Over one week has passed since I’ve written a proper blog.  (See “Examining Old School Anime: The Saints Point to Christ“)  I still need to comment on the new season among other things, but this post will be on my trip to Greenwood, Wisconsin in order to attend the Athanatos Christian Arts and Apologetics Festival.  Placing third in their short story contest of 2009, being a semi-finalist of the 2015 Novel Contest, and counting as a great friend of one of the contest judges ensured my invitation to the event.  Part of the idea behind the festival was that attendees would camp on site, but my friend (the blogger of Dusty Thanes) and I declined this opportunity in exchange for a comfy hotel room.  At a high of 81°F, the weather was appreciably cooler than here in Alabama, for which I was grateful.

Martha and Mary

Besides enjoying a reunion with my friend and his delightful family, the contest brought me in contact with several fiction writers and thinkers.  The most interesting of the bunch were Joseph Courtemanche, Robert Cely, Paul J. Bennett, David Zach, Bernard Bull, and Jamie Greening.  (I’m afraid that I skipped the apologetics part of this festival and focused more on the fiction writing aspect of it.)  Courtemanche, a former member of Navy Intelligence and a former police officer, stood out as the largest personality and person there; but, a deep humility made him very approachable.  Meeting the author of Assault on St.
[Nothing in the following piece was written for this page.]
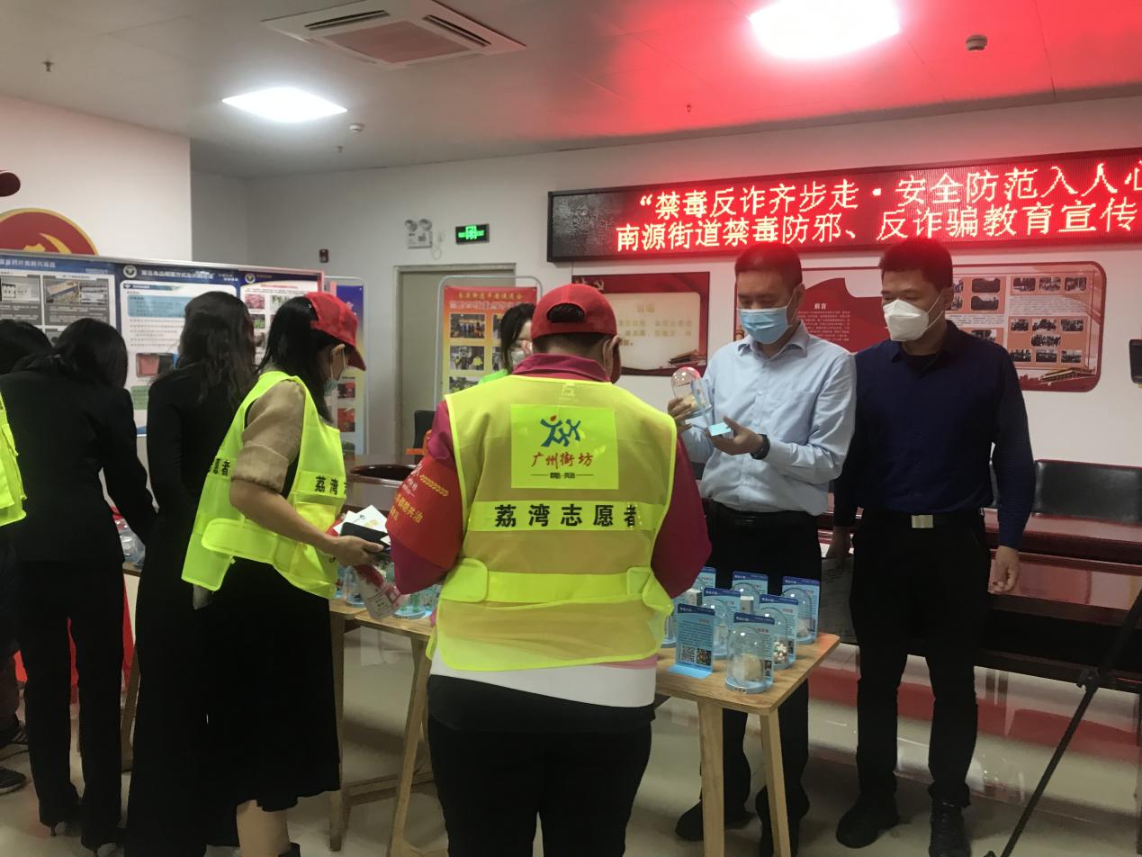 近日,广州市荔湾区南源街道开展“禁毒反诈齐步走·安全防范入人心”宣传活动,共同营造文明、平安、和谐的社区环境。 南源街道党工委、南源派出所、南源街道司法所、综治办、社区居委、北斗星社工机构及社区群众参加活动。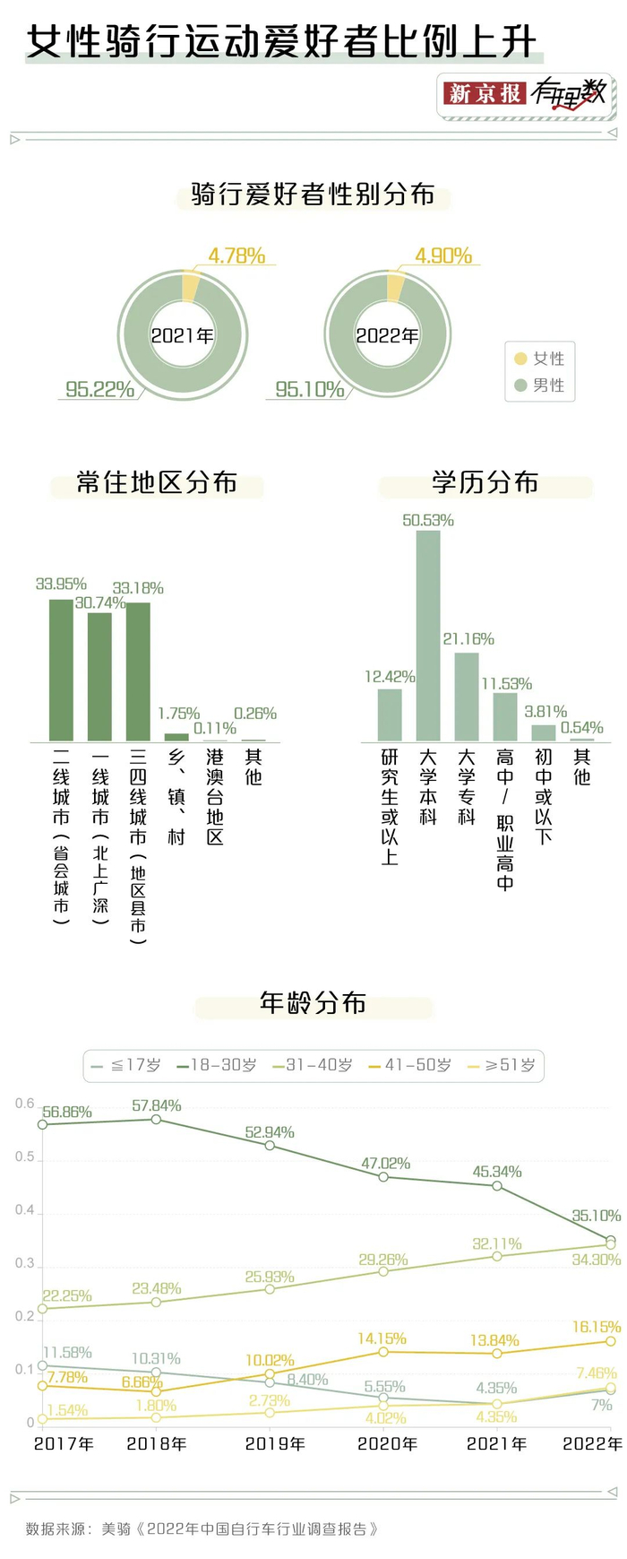 数据显示,30岁左右、一二线城市、高学历是骑行爱好者的典型特征,从性别比例看,骑行领域依然是男性用户占据压倒性的绝对多数,但女性用户占比也在逐年增长,目前占比超过4.9%,而在2019年疫情之前,女性车友的占比是3.82%。

Agnes, whom my friend coached for countless hours on how to improve his novel, was a great honor.  (The preliminary judges act as editors after the initial cut before submitting their final recommendations to the deciding judge and founder of Athanatos Christian Ministries, Anthony Horvath.)  Assault on St. Agnes concerns a main character who is essentially a fictional version of the author: a “polyglot Rambo” called Bobby Kurtz.  Kurtz prevents Jihadists from committing a massacre in a church and soon finds himself enlisted again in the ranks of the U.S. military in order to prevent a bloodier attack from taking place.  Courtemanche’s experience makes for a very accurate and exciting novel, and I find myself enjoying every minute of it.